NISO and UKSG are pleased to announce the addition of five new 
organizations as official endorsers of the joint recommended 
practice, KBART: Knowledge Bases And Related Tools (NISO 
RP-9-2010). [Available for free download from 
http://www.niso.org/publications/rp/.] This Phase I publication, 
published in January 2010, contains practical recommendations for 
the timely exchange of accurate metadata between content 
providers and knowledge base developers.

The most recent organizations to endorse KBART are: Alexander 
Street Press; Annual Reviews; EBSCO Information Services; 
Innovative Interfaces, Inc.; and Royal Society Publishing. These 
companies join the American Institute of Physics, Ex Libris, 
OCLC, and Serials Solutions on the list of formal endorsers. All 
content providers, from major databases to small publishers, are 
encouraged to publicly endorse the KBART Recommended Practice by 
submitting a sample file to the KBART working group, at 
kbart@niso.org. Endorsement is finalized once the file's format 
and content has been reviewed and approved, and the provider has 
made it publicly available (in line with the recommendations).

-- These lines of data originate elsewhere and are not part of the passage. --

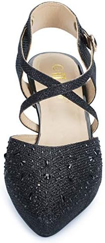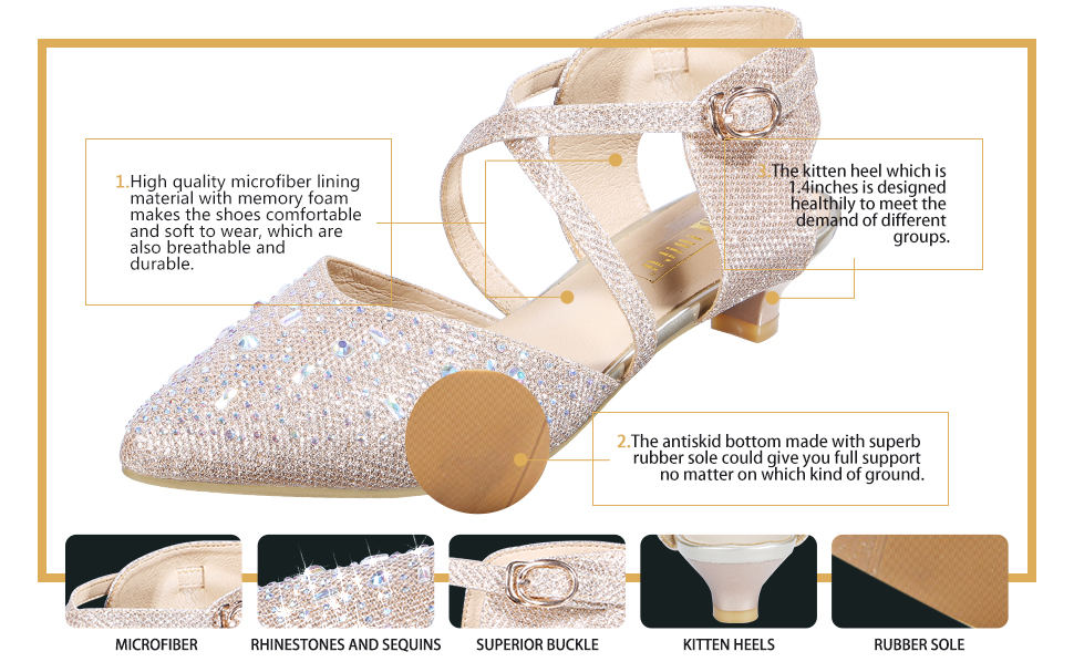 UNIQUE AND COVETED DESGIN: These pumps shoes with cross bandage and pointed toe can make your foot look slimmer. Wonderful sequins decorated could make comfort and fashion go hand in hand. They could ensure that everyone will be looking at your feet when you are in these shoes.
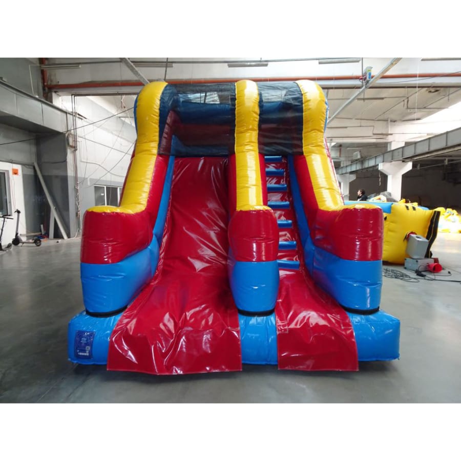 With a platform height of 8ft, the overall height of this inflatable is 11.3ft making it much more suitable for indoor hires than our 10ft platform slide that stands at 19ft tall. The kids will have immense fun scaling the steps, and sliding down the slide again.
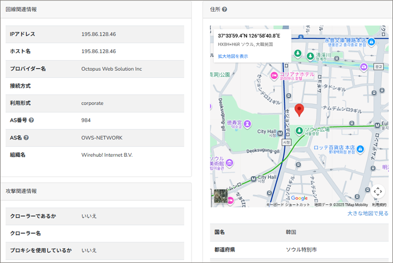 「IP調査兵団」でこのIPアドレスからそのロケーション地域を調べると、韓国のソウル付近であることが分かりました。
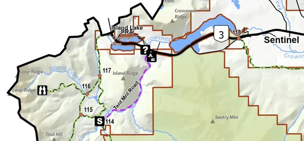 I also circled red on the map where it sounds like they maybe were possibly camping - South of Hwy 3, looks possibly on the road that leads to Tent Mtn? Unless they camped outside of the norm camp areas (marked by the camping map icon).
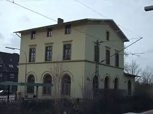Kleinenbroich station is a through station in the town of Korschenbroich in the German state of North Rhine-Westphalia. The station was opened on 17 January 1853[5] on the Mönchengladbach–Düsseldorf railway opened between Mönchengladbach and Neuss by the Aachen-Düsseldorf-Ruhrort Railway Company on 16 December 1852.[6] It has two platform tracks and it is classified by Deutsche Bahn as a category 5 station.[1]

Sarah Pearson, E-Resources & Serials Coordinator at the 
University of Birmingham and UKSG co-chair of the KBART Phase II 
Working Group, stated, 'The joint NISO/UKSG working group is very 
pleased that the uptake of the recommendations is gathering 
momentum, as evidenced by the growth of formal KBART 
endorsements. We have been actively working to promote the 
benefits of implementing the recommendations, and are thrilled to 
see that our message is getting through. We look forward to 
seeing more progress in the future.'

KBART has also made a contacts registry 
(http://sites.google.com/site/kbartregistry/) available for 
content providers and knowledge base developers to register their 
organization's information for downloading holdings metadata. The 
registry provides a list of contacts, URLs, and instructions 
relating to the transfer of e-resource metadata between content 
providers and link resolvers. Companies that have formally 
endorsed KBART are marked with a KBART logo on the registry.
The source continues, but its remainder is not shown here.